United Steelworkers of America, Afl-Cio v. National Labor Relations Board, National Labor Relations Board v. Florida MacHine & Foundry Company and Fleco Corporation

441 F.2d 1005, 75 L.R.R.M. (BNA) 2790, 1970 U.S. App. LEXIS 6127
CourtCourt of Appeals for the D.C. Circuit
DecidedDecember 4, 1970
Docket23010
StatusPublished

This text of 441 F.2d 1005 (United Steelworkers of America, Afl-Cio v. National Labor Relations Board, National Labor Relations Board v. Florida MacHine & Foundry Company and Fleco Corporation) is published on Counsel Stack Legal Research, covering Court of Appeals for the D.C. Circuit primary law. Counsel Stack provides free access to over 12 million legal documents including statutes, case law, regulations, and constitutions.

Bluebook
United Steelworkers of America, Afl-Cio v. National Labor Relations Board, National Labor Relations Board v. Florida MacHine & Foundry Company and Fleco Corporation, 441 F.2d 1005, 75 L.R.R.M. (BNA) 2790, 1970 U.S. App. LEXIS 6127 (D.C. Cir. 1970).

Opinion

441 F.2d 1005

75 L.R.R.M. (BNA) 2790, 142 U.S.App.D.C. 315,
64 Lab.Cas. P 11,328

UNITED STEELWORKERS OF AMERICA, AFL-CIO, Petitioner,
v.
NATIONAL LABOR RELATIONS BOARD, Respondent.
NATIONAL LABOR RELATIONS BOARD, Petitioner,
v.
FLORIDA MACHINE & FOUNDRY COMPANY AND FLECO CORPORATION, Respondent.

Nos. 22872, 23010.

United States Court of Appeals, District of Columbia Circuit.

Argued June, 19, 1970.
Decided Dec. 4, 1970.
Motion for Rehearing to Correct Opinion Denied Feb. 26,1971.

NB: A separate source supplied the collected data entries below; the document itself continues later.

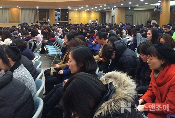 [뉴스앤조이-이은혜 기자] 온누리교회 이기원 목사의 기도 인도에 젊은이들이 통성기도를 시작했다. 1월 마지막 토요일 저녁 7시 추운 날씨에도 서빙고 본당 3, 4층 3분의 2가 가득 찼다. 간혹 청소년이 보이는가 하면 엄마와 함께 온 초등학생도 있었다. 이들은 '나는 더 이상 게이가 아닙니다' 시사회에 참석하기 위해 왔다.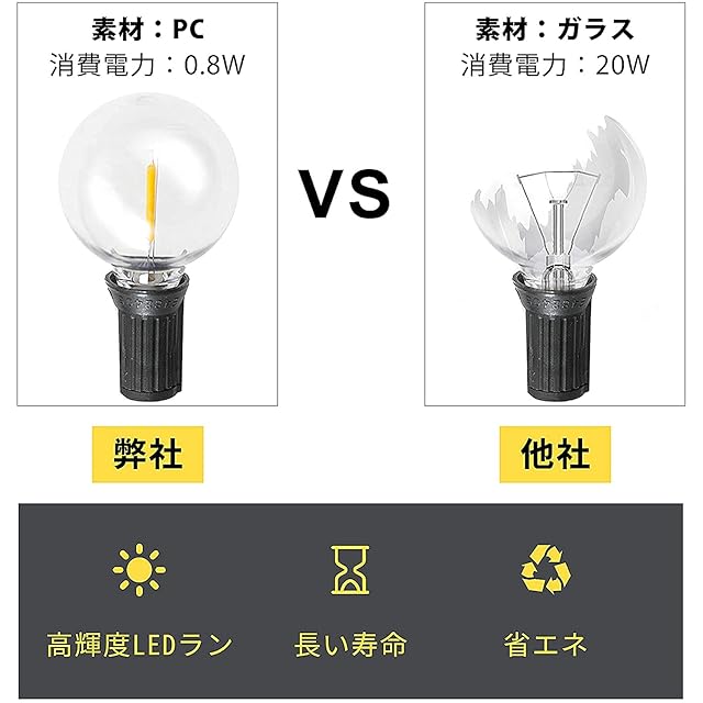 室内や屋外の照明、装飾照明、家庭、花園、入り口、花園、結婚式、誕生日などの各種祝日の照明に非常に適しています。注意:本製品は高圧電球であり、低圧ストリングライトには使用できない。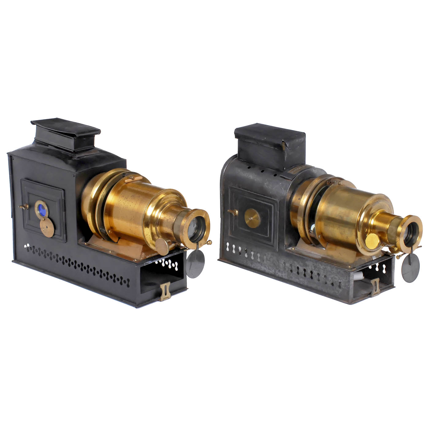 Lancaster & Son and Adams Co. For lantern slides with wood frame, tin bodies, length 17 in. and 17 ¾ in., height approx. 11 ¾ in. - In need of attention.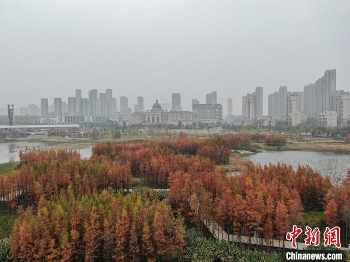 圖為航拍魚尾洲公園內的水杉、香樟、落羽杉、池杉等樹木層林盡染,宛若一座秀美城市“漂浮森林”。 劉力鑫 攝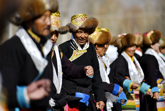 3月16日,西藏山南市昌珠镇门中岗社区举行春耕仪式。当日,西藏各地举行一年一度的春耕仪式。春耕在西藏农民的眼中,是一年之中最为隆重的农事活动,各地举行盛大的春耕仪式,祈福一年的丰收。新华社记者 张汝锋/摄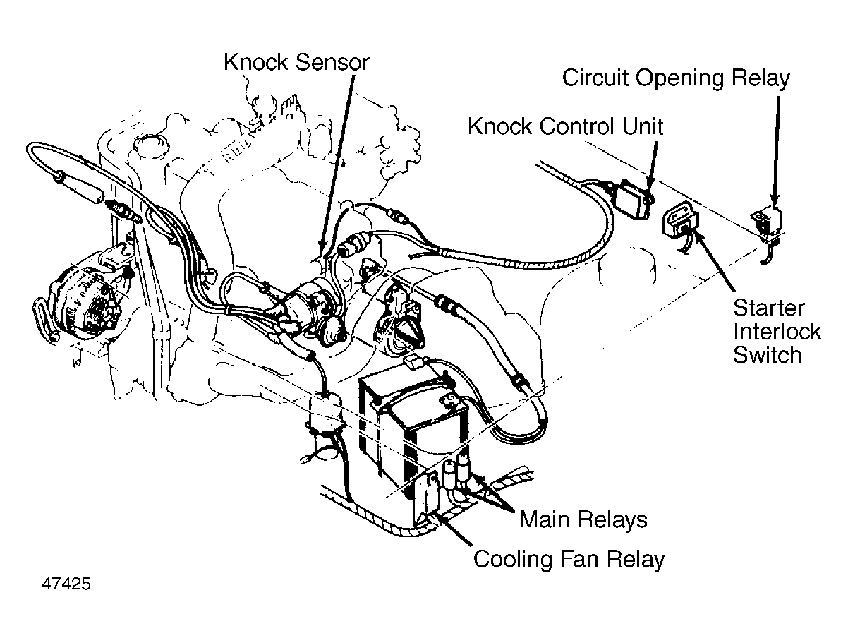 | Knock Control Unit | On left side of firewall. See Figure . |

Mr. George C. Longshore, Birmingham, Ala., with whom Mr. George H. Cohen, Washington, D.C., was on the brief, for petitioner in No. 22,872.

Mrs. Corinna L. Metcalf, Atty. National Labor Relations Board, with whom Messrs. Arnold Ordman, General Counsel, Dominick L. Manoli, Associate General Counsel, and Marcel Mallet-Prevost, Asst. General Counsel, National Labor Relations Board, were on the brief for petitioner in No. 23,010 and respondent in No. 22,872.

Messrs. Guy Farmer and John A. McGuinn, Washington, D.C., for respondent in No. 23,010.

Before BAZELON, Chief Judge, TAMM, Circuit Judge and MATTHEWS,* Senior Judge, United States District Court for the District of Columbia.

TAMM, Circuit Judge:

Congress in enacting the National Labor Relations Act gave courts the power to review orders of the National Labor Relations Board (hereafter 'the Board'). Findings with respect to questions of fact when supported by substantial evidence shall be left to the discretion of the Board. The Board, of course, is in a position neither to impose certain rules upon parties to a labor dispute while the proceedings are under way nor to abandon its impartiality in aid of one party or the other. In the instant case it would not be difficult for the Court to find in favor of the Union, nevertheless, based on the law we are compelled to disagree with the Board's decision to so find and we remand the dispute for further consideration.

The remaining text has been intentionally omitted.